Natural History stands as a seminal work in the history of encyclopedias, serving as a gateway to understanding the knowledge and worldview of ancient Rome. Beyond its role as a compendium of diverse subjects, the text provides a captivating glimpse into the knowledge, cultural, and merchandize exchange (Dodd 2021) between the Roman Empire and other regions (Gibson & Morello 2011).

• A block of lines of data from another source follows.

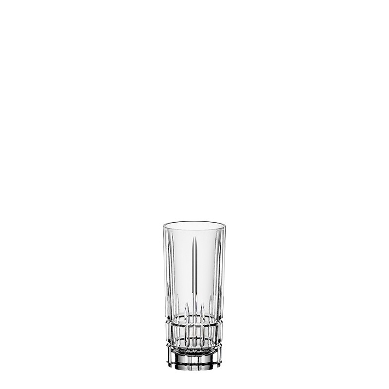 Perfect Serve shot glass 4-pack in crystal from Spiegelau with nice cuts. Perfect Serve shot glass has a narrow and high shape that fits perfectly with both shaken shots and flavored distillates such as Jägermeister or Fernet and more. This shot glass has grindings that start in a pattern on the underside of the glass and extend up along the body. The Perfect Serve series has been developed by Spiegelau together with the renowned and internationally acclaimed bare expert Stephan Hinz.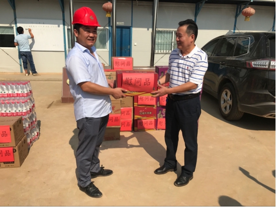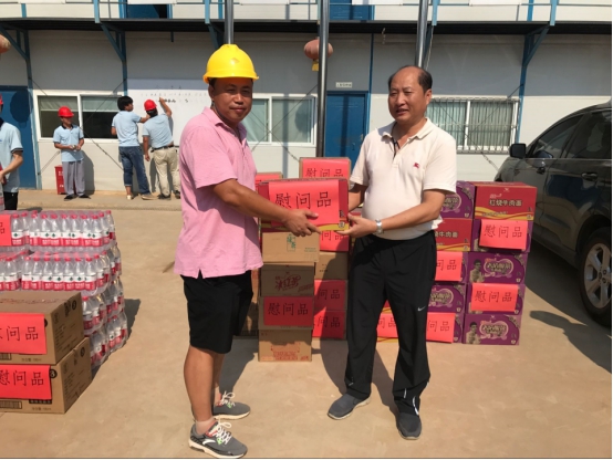 公司领导每到一处,都对工作人员表示慰问,把物资送到他们手上,对他们不畏高温、坚守岗位的辛勤工作表示感谢,并叮嘱他们一定要把安全放在第一位,在安全的情况下,保质保量完成工期节点目标。同时要求合理安排工作时间,注重劳逸结合,并进一步做好高温防护工作,积极应对高温天气给工作带来的困难与不便,确保各项施工工作有条不紊地进行。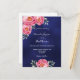 Une faire-part de mariage moderne et tendance. Un arrière - plan bleu marine bleu foncé. La couleur bleue est inégale. Décoré de fleurs de pivoines roses luxuriantes, de fleurs et de vert gris. Modèles pour vos noms et informations de cérémonie. Les noms sont écrits avec un script de style moderne écrit à la main. Texte blanc. Retour : conception simple de carte postale.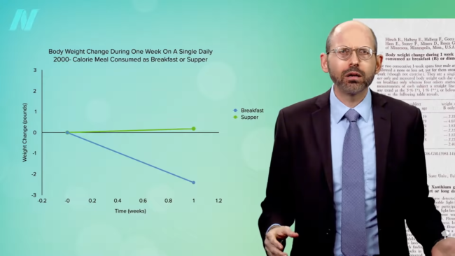 Harness the power of your circadian rhythms for weight loss by making breakfast or lunch your main meal of the day. In my last chronobiology video, we learned that calories eaten at breakfast are significantly less fattening than the same number of calories eaten at dinner, as you can see at 0:14 in my video…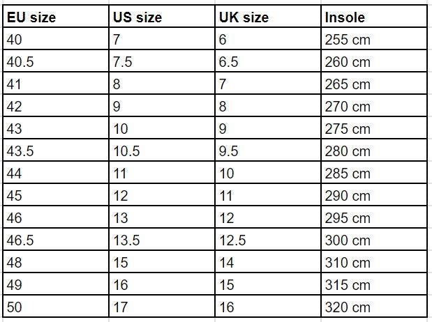 | EU -Größe | US -Größe | Großbritanniengröße | Einlegesohle |
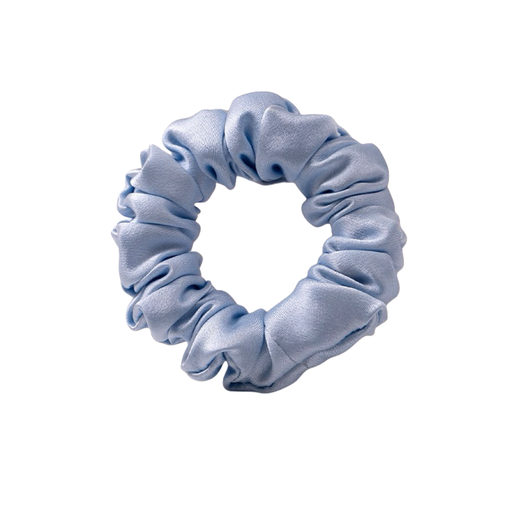 Cool, dreamy, and oh-so-gentle. This Blue Haze silk scrunchie in 30 momme fabric protects your hair while adding a touch of airy elegance to your style.

As pointed out by Beagon (2011), differentiating from his predecessors, Pliny showed a “terrestrial curiosity” in Natural History, emphasizing recognition of the physical, material world. Drawing from the long-established topographical and ethnographic traditions, Pliny connects volumes dedicated to geography (books 3-6) with broader natural elements, human activities, and cultural, historical, and societal contexts (Roller 2022), exemplified in his description of plants, tribe habitats, imperial expeditions, and trade products. In this regard, this study aims to analyse the text of Natural History in a spatial scope, as geographical names mentioned in the text plays a pivotal role in distributing information, knowledge, and discussions throughout the work.

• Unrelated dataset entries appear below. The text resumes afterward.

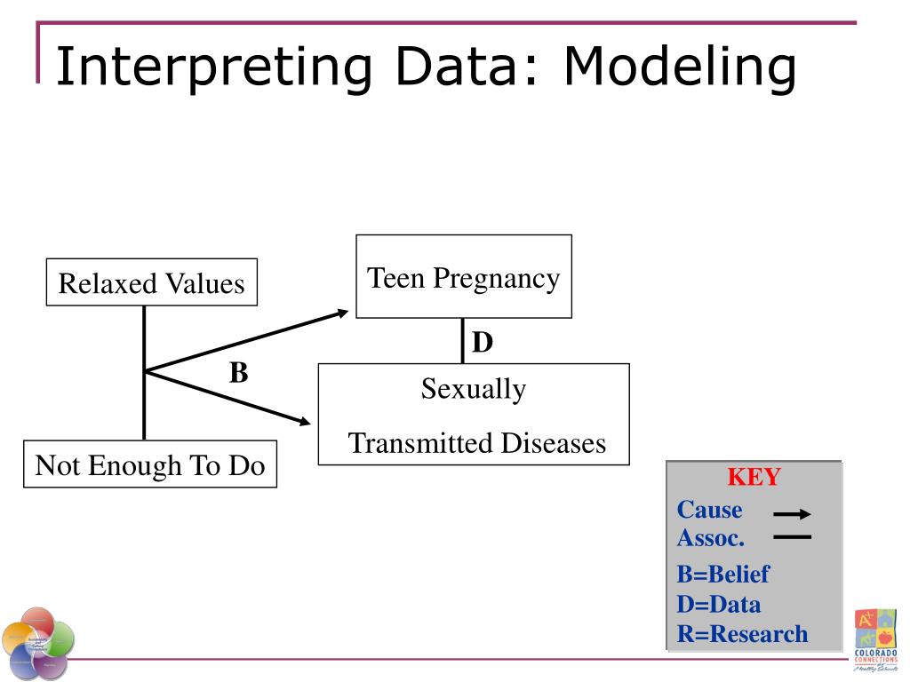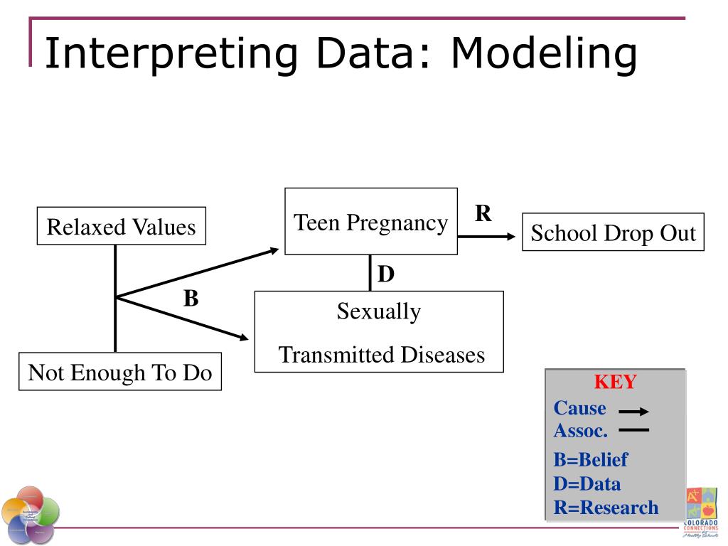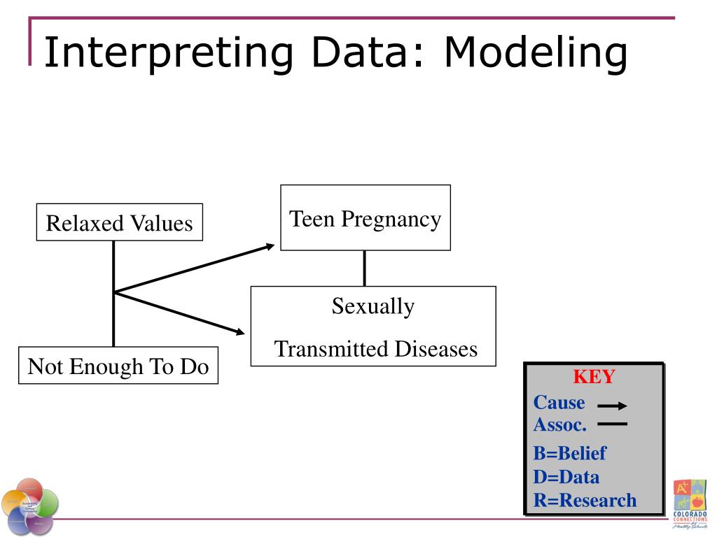 Teen Pregnancy R School Drop Out D Sexually Transmitted Diseases Interpreting Data: Modeling Relaxed Values B Not Enough To Do KEY Cause Assoc. B=Belief D=Data R=Research KEY B=Belief D=Data R=Research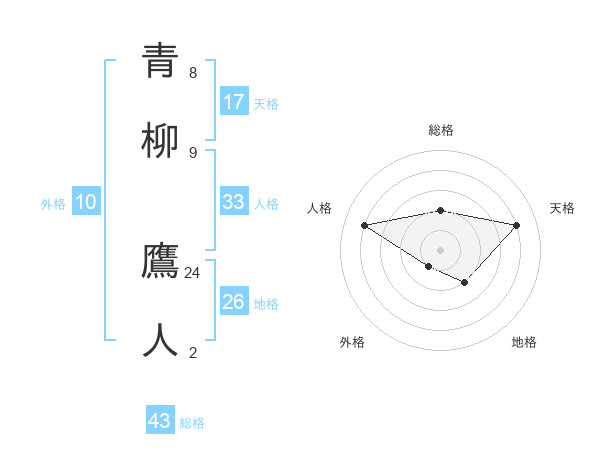 青柳 鷹人さんを姓名の画数から五運を鑑定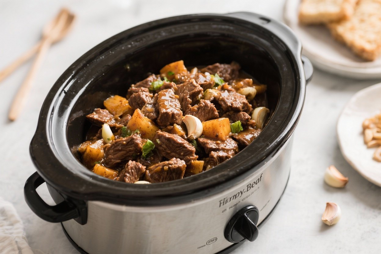 Honey Garlic Beef Dump-And-Go Crockpot Meal – Easy, Comforting, and Flavor-Packed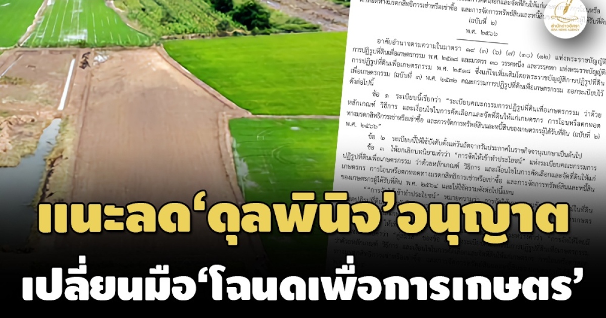 จากกรณีที่เมื่อวันที่ 8 ธ.ค.ที่ผ่านมา เว็บไซต์ราชกิจจานุเบกษาได้เผยแพร่ระเบียบคณะกรรมการปฏิรูปที่ดินเพื่อเกษตรกรรม (คปก.) จำนวน 2 ฉบับ ซึ่งกำหนดหลักเกณฑ์ วิธีการ และเงื่อนไขเกี่ยวกับการปรับปรุงสิทธิ ส.ป.ก. 4-01 เป็นโฉนดเพื่อการเกษตร โดยสำนักงาน ส.ป.ก. จะเร่งรัดการออกโฉนดเพื่อการเกษตร และแจกโฉนดฯตั้งแต่วันที่ 15 ม.ค.2567 นั้น (อ่านประกอบ : มีผลแล้ว! ราชกิจจาฯแพร่ระเบียบฯเปลี่ยน‘ส.ป.ก.4-01’เป็น‘โฉนดฯ’-เปิดทางซื้อขายเปลี่ยนมือได้)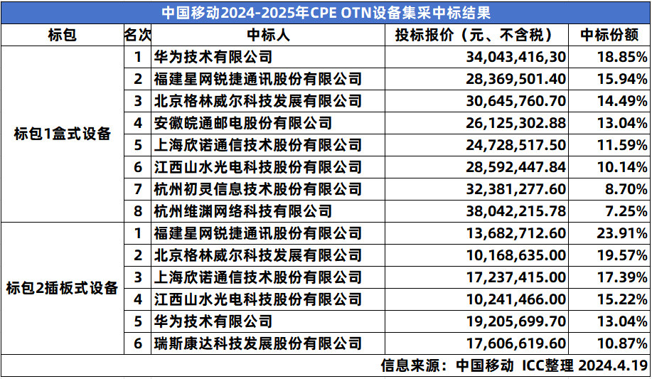 ICC訊 中國(guó)移動(dòng)今日公示了2024年至2025年CPE OTN設(shè)備的集采結(jié)果,華為、星網(wǎng)銳捷、格林威爾、皖通、欣諾、山水光電、初靈信息、維淵、瑞斯康達(dá)共9家中標(biāo)。

Natural History is originally in Latin. An English translation by Henry T. Riley (1816-1878) and John Bostock (1773-1846), first published in 1855, is utilized for this study. The translated text is obtained in a digitized version from the TOPOSText project, having been sourced from the Perseus Project and governed by a Creative Commons Attribution-Share-Alike 3.0 U.S. License.

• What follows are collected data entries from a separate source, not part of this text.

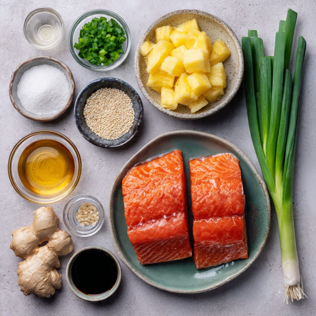 The natural richness of salmon creates the perfect base for a glossy glaze that carries both sweetness and gentle umami. Pineapple adds bursts of juicy freshness that cut through the richness beautifully. Garlic and ginger bring warmth and depth, tying everything together into a dish that tastes layered and exciting.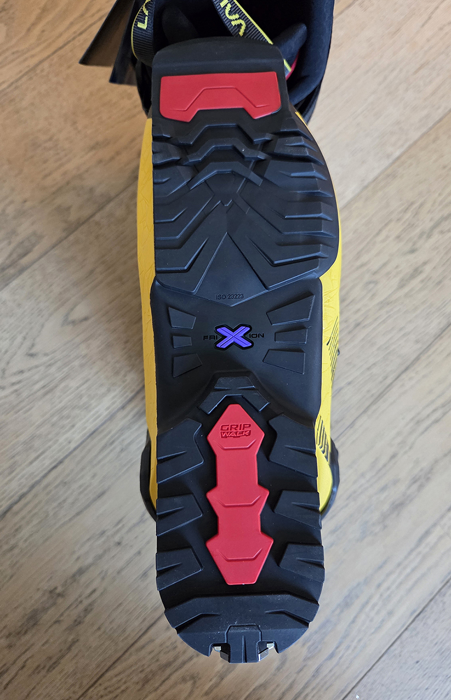 Il design della suola (Grip Walk) è compatibile con gli attacchi da sci alpino, e la mescola FriXion garantisce aderenza nei tratti in cui ci si devono caricare gli sci in spalla e camminare su roccia o neve dura.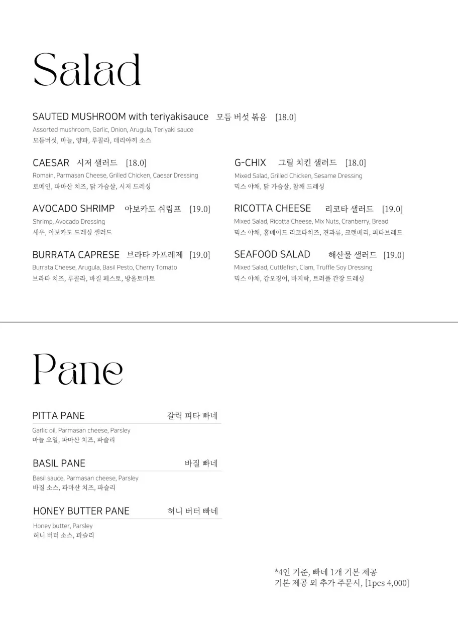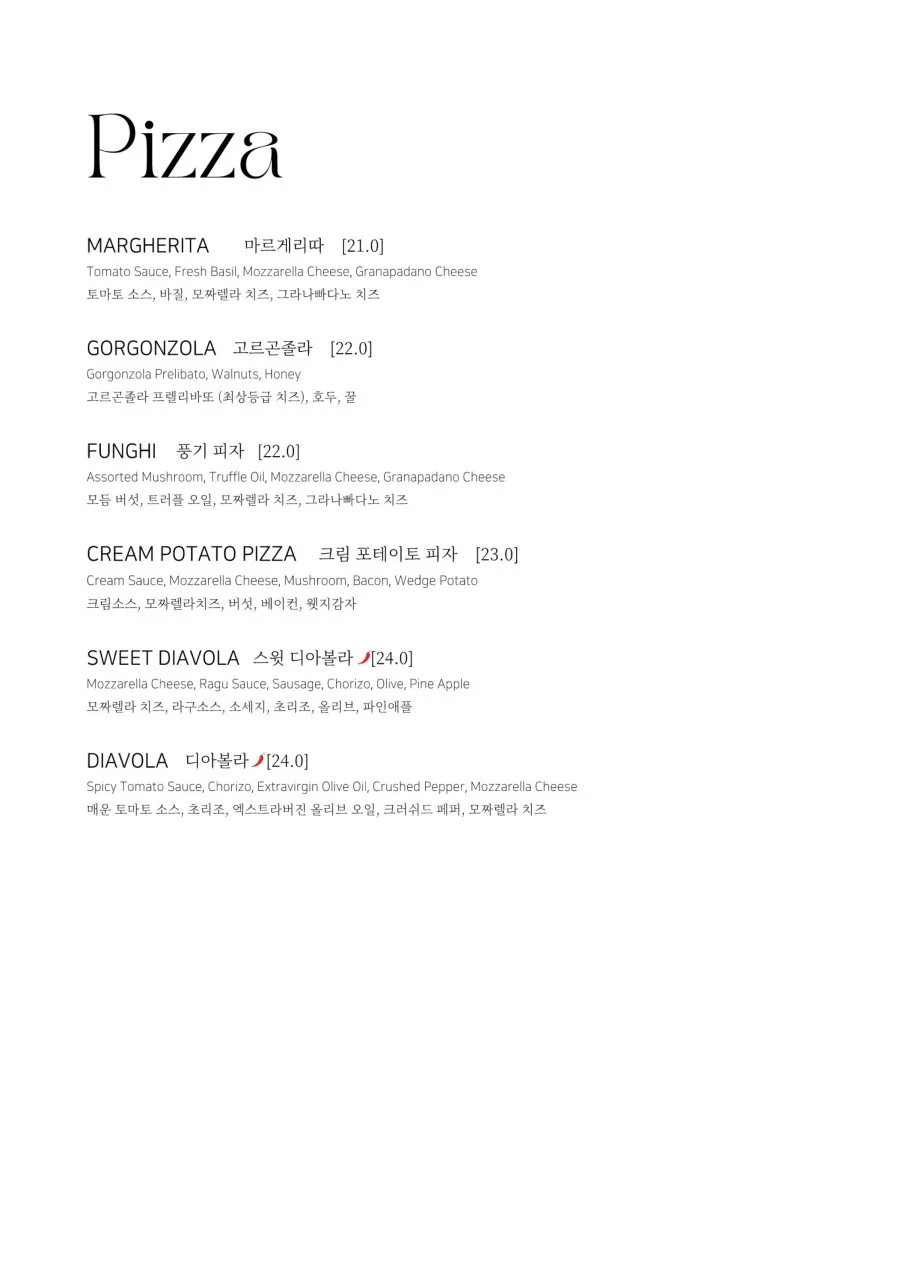 식전 빵에서 느꼈던 그 감동이 피자에서도 이어졌어요. 피자 도우가 식전 빵과 같은 반죽인 것 같더라고요. 쫄깃한 도우 위에 루꼴라와 베이컨이 올라가 있는데, 베이컨이 자칫 느낄 할 수 있는 맛을 딱 잡아줬어요. 간이 너무 세지 않고 적당해서 끝까지 맛있게 먹었네요.

In addition to the digitized textual content of Natural History, the place names mentioned in the text are annotated with their corresponding coordinates on TOPOSText. Since the annotations are available in an HTML format, they are scraped and restructured into a dataset of geographical-related text in Natural History with Beautiful Soup library in Python2. The dataset structure, corpus scraping procedure and and corpus extension will be further explained in Corpus Description section (Section 3).
As a starting point of this study, Figure 1 reveals the 20 most frequently mentioned geographical names within the text.
Additionally, Figure 2 depicted the times of each place name found mentioned in the work on a map. The individual places are represented by distinct dots, and its occurring times in the text are represented by the size of the dots. The larger the dot size, the more frequent it is appeared in the context.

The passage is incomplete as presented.